Не касаясь других примеров, более или менее спорных, нельзя на основании вышесказанного не прийти к заключению, что не только точность и обстоятельность в объяснении событий, но и сама достоверность Геродотова повествования немало потерпели от господствующей в его труде религиозно-этической тенденции, и что «Музы» его представляют характерный образец неизбежной зависимости исторического сочинения, его особенностей и относительных достоинств, от мировоззрения автора и известной части его современников, даже при всем желании и старании историка повествовать только правду. Отмечаемая нами черта тем более знаменательна, что национальная или религиозная нетерпимость совершенно чужда Геродоту; Псевдо-Плутарх иронически называет его даже расположенным к варварам (ψιλοβαρβαρος). Только писатель, чуждый национальной или племенной узости, способен был с таким вниманием относиться ко всему иноземному и передать потомству такое обилие сведений о «варварах»: о египтянах, персах, ассирийцах, даже о скифах и др. В огромном числе случаев он отзывается с похвалой об учреждениях иноземцев, признает за ними первенство перед эллинскими, рассматривает эллинские культы в зависимости от египетских, отдает предпочтение верованиям персов перед эллинскими, превозносит любовь персов к истине, а главное – для всех народов без исключения он исповедует одинаковые правила высшей морали, соблюдения меры во всем, в то же время признавая полную законность привязанности каждого народа к своим обычаям, причем не стесняется подкреплять свое положение на примерах индийских дикарей и эллинов[193].

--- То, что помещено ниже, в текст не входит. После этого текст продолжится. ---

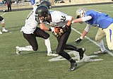 Pete Christensen Photo - Kaden Jenks charges to a hole in the Deer Park line …

И в другом еще отношении религиозно-моралистическое настроение Геродота наложило печать на его труд, именно: с особенной охотой он прерывает изложение такими случаями, в которых обличается божеское мироправление, хотя никакого отношения к предмету они и не имеют. Таковы пространные эпизоды об Арионе[194], Солоне и Крезе[195], об Адрасте[196], Гарпаге[197], о пеонах и перинфянах[198], Гиппии на Марафоне[199], о Гермотиме[200], Евении[201] и, наконец, о Поликрате[202].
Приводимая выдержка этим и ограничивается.